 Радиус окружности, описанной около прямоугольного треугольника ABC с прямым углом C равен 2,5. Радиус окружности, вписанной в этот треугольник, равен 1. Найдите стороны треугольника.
::::::::::
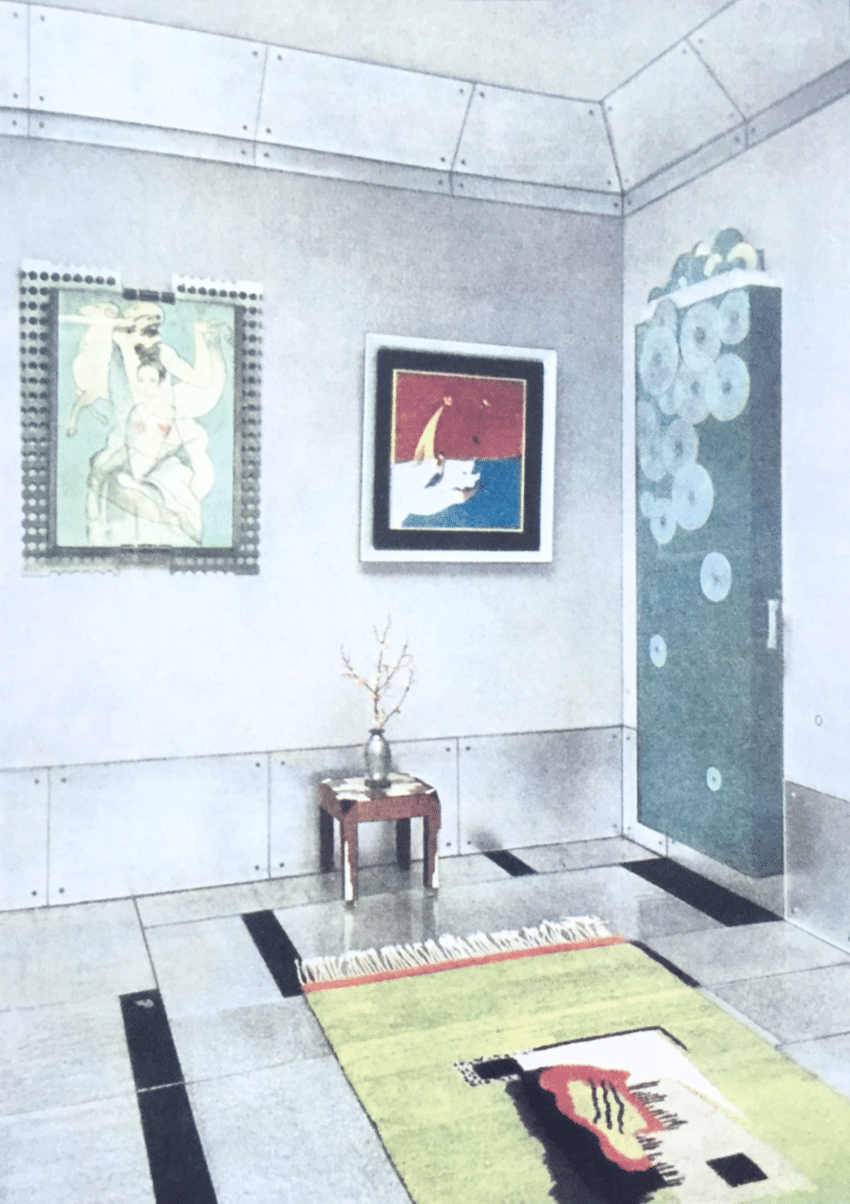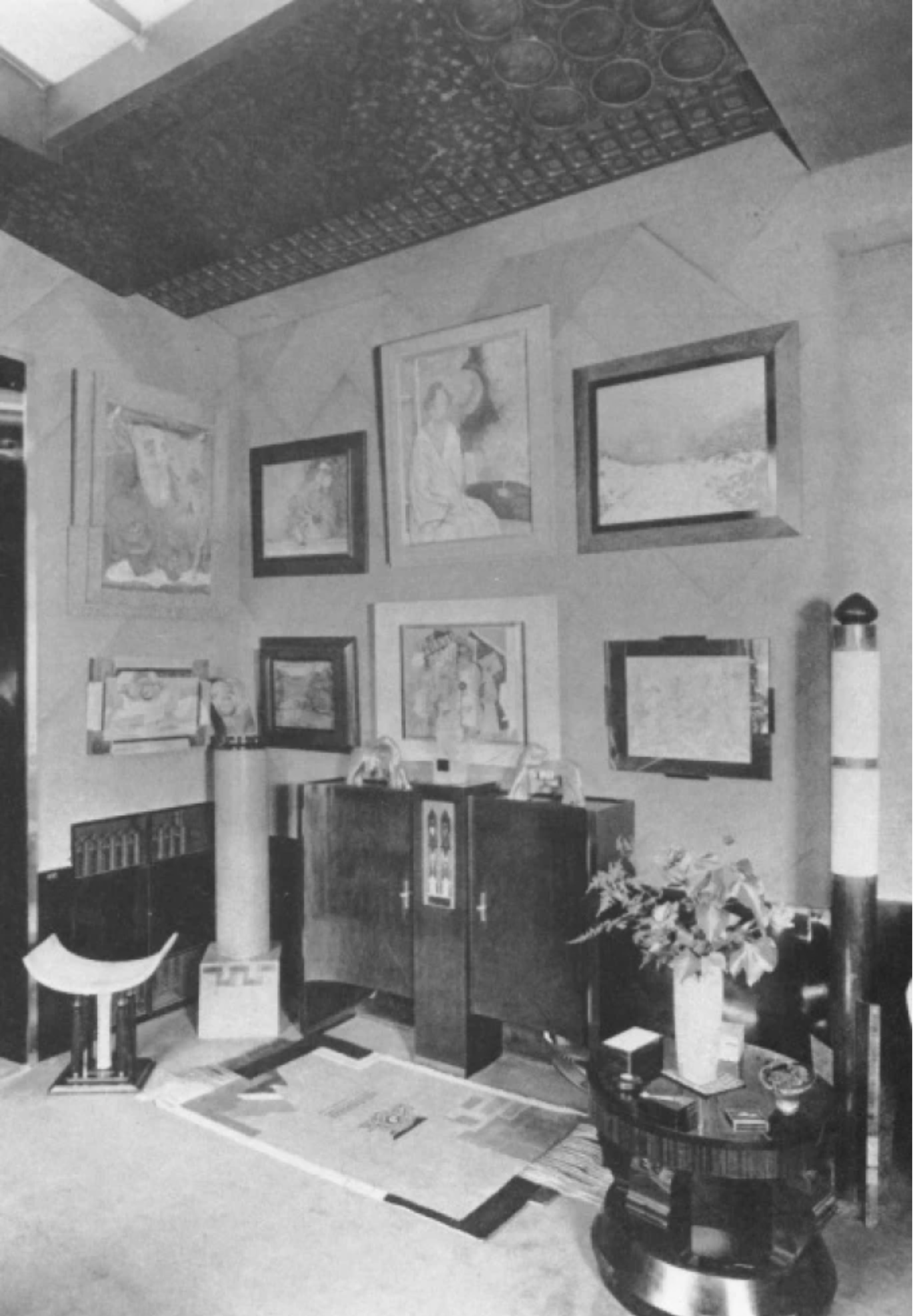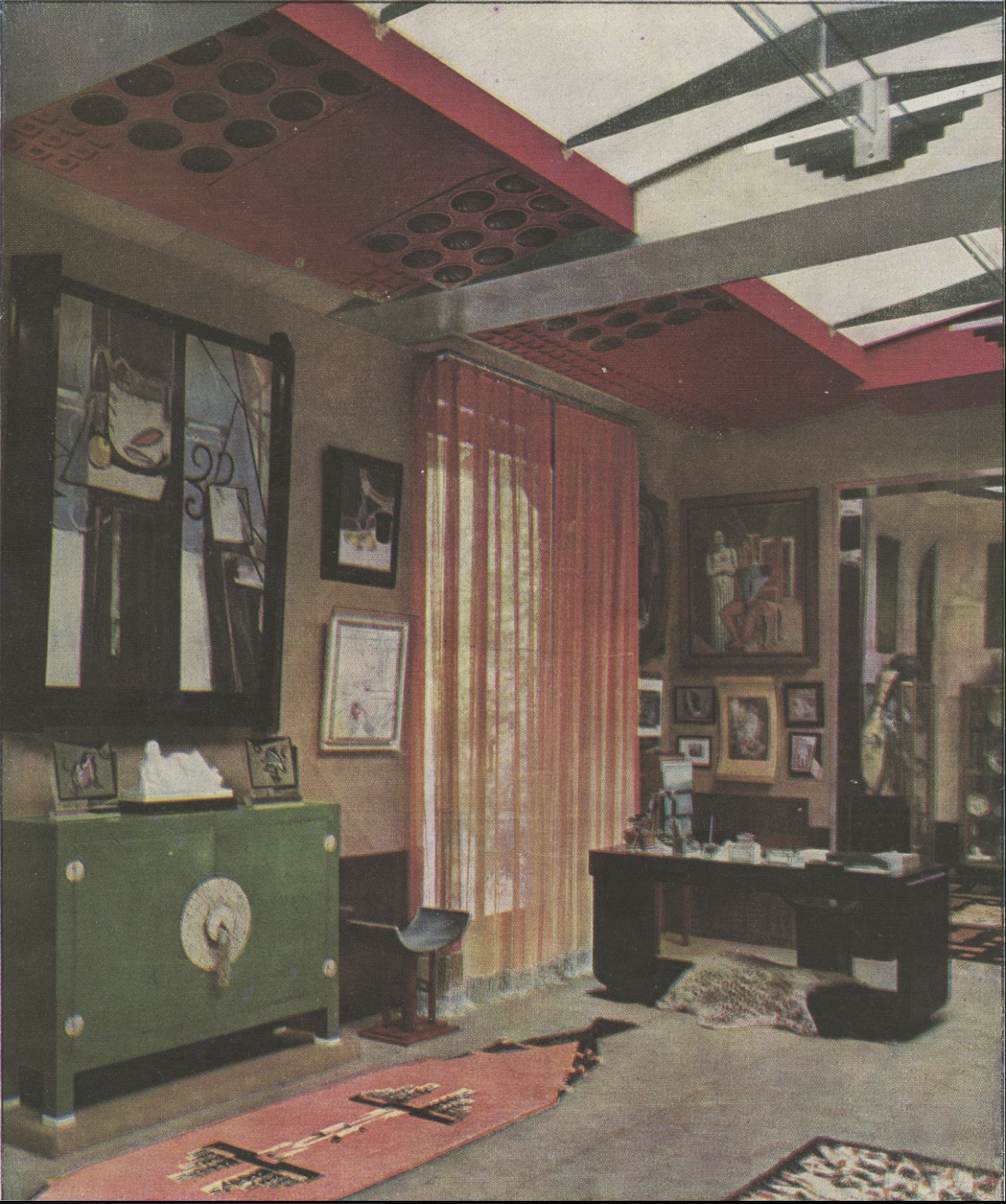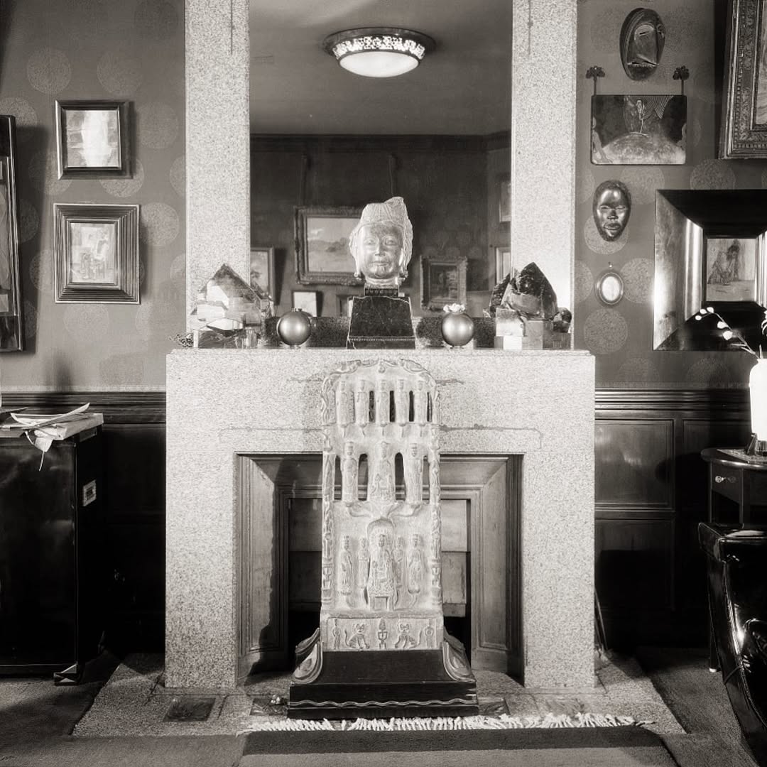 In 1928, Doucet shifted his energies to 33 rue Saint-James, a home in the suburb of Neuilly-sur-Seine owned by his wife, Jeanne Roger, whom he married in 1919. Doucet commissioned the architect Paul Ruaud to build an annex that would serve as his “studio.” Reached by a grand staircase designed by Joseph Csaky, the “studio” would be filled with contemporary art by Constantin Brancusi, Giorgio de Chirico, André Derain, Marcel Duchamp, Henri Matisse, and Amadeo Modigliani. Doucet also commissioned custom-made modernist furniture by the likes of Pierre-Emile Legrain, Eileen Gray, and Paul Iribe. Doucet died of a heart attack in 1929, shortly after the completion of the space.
::::::::::
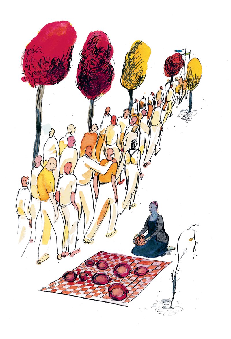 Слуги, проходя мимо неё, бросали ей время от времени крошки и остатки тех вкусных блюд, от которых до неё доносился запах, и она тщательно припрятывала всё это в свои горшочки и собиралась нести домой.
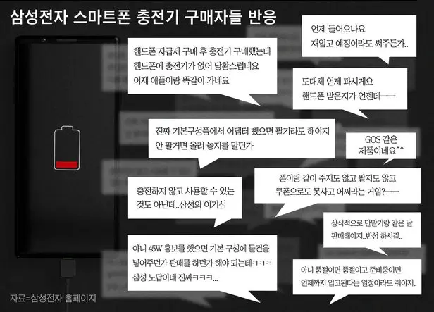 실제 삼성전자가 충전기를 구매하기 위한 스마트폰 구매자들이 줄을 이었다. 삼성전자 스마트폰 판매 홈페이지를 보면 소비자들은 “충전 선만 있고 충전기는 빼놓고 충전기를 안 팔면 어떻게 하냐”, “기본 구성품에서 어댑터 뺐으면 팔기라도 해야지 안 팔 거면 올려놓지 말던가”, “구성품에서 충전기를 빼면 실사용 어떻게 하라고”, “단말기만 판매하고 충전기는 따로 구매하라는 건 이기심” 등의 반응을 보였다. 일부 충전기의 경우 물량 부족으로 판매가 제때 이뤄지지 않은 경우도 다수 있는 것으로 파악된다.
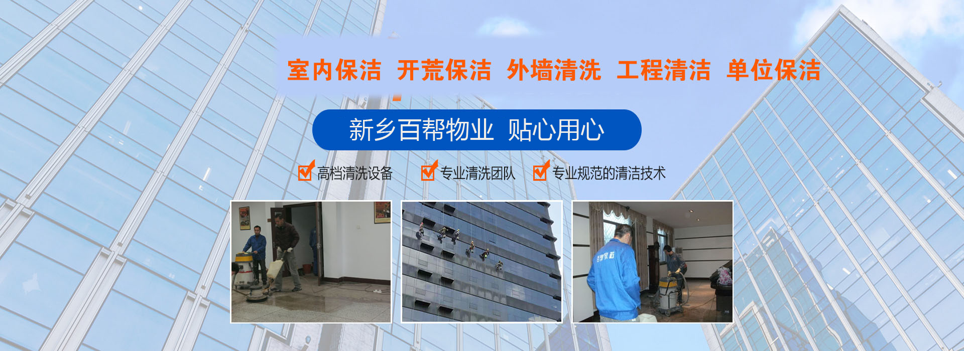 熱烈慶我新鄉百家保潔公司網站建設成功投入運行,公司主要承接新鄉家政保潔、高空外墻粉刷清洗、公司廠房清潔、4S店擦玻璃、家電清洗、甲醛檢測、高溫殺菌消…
::::::::::
YOUR OBJECTIVE>
Leaving every picture aside, reproduce exactly the lines above from the one with "실제 삼성전자가 충전기를" up to and including the one with "熱烈慶我新鄉百家保潔公司網站", and no others.

SOLVED EXERCISE>
 실제 삼성전자가 충전기를 구매하기 위한 스마트폰 구매자들이 줄을 이었다. 삼성전자 스마트폰 판매 홈페이지를 보면 소비자들은 “충전 선만 있고 충전기는 빼놓고 충전기를 안 팔면 어떻게 하냐”, “기본 구성품에서 어댑터 뺐으면 팔기라도 해야지 안 팔 거면 올려놓지 말던가”, “구성품에서 충전기를 빼면 실사용 어떻게 하라고”, “단말기만 판매하고 충전기는 따로 구매하라는 건 이기심” 등의 반응을 보였다. 일부 충전기의 경우 물량 부족으로 판매가 제때 이뤄지지 않은 경우도 다수 있는 것으로 파악된다.
 熱烈慶我新鄉百家保潔公司網站建設成功投入運行,公司主要承接新鄉家政保潔、高空外墻粉刷清洗、公司廠房清潔、4S店擦玻璃、家電清洗、甲醛檢測、高溫殺菌消…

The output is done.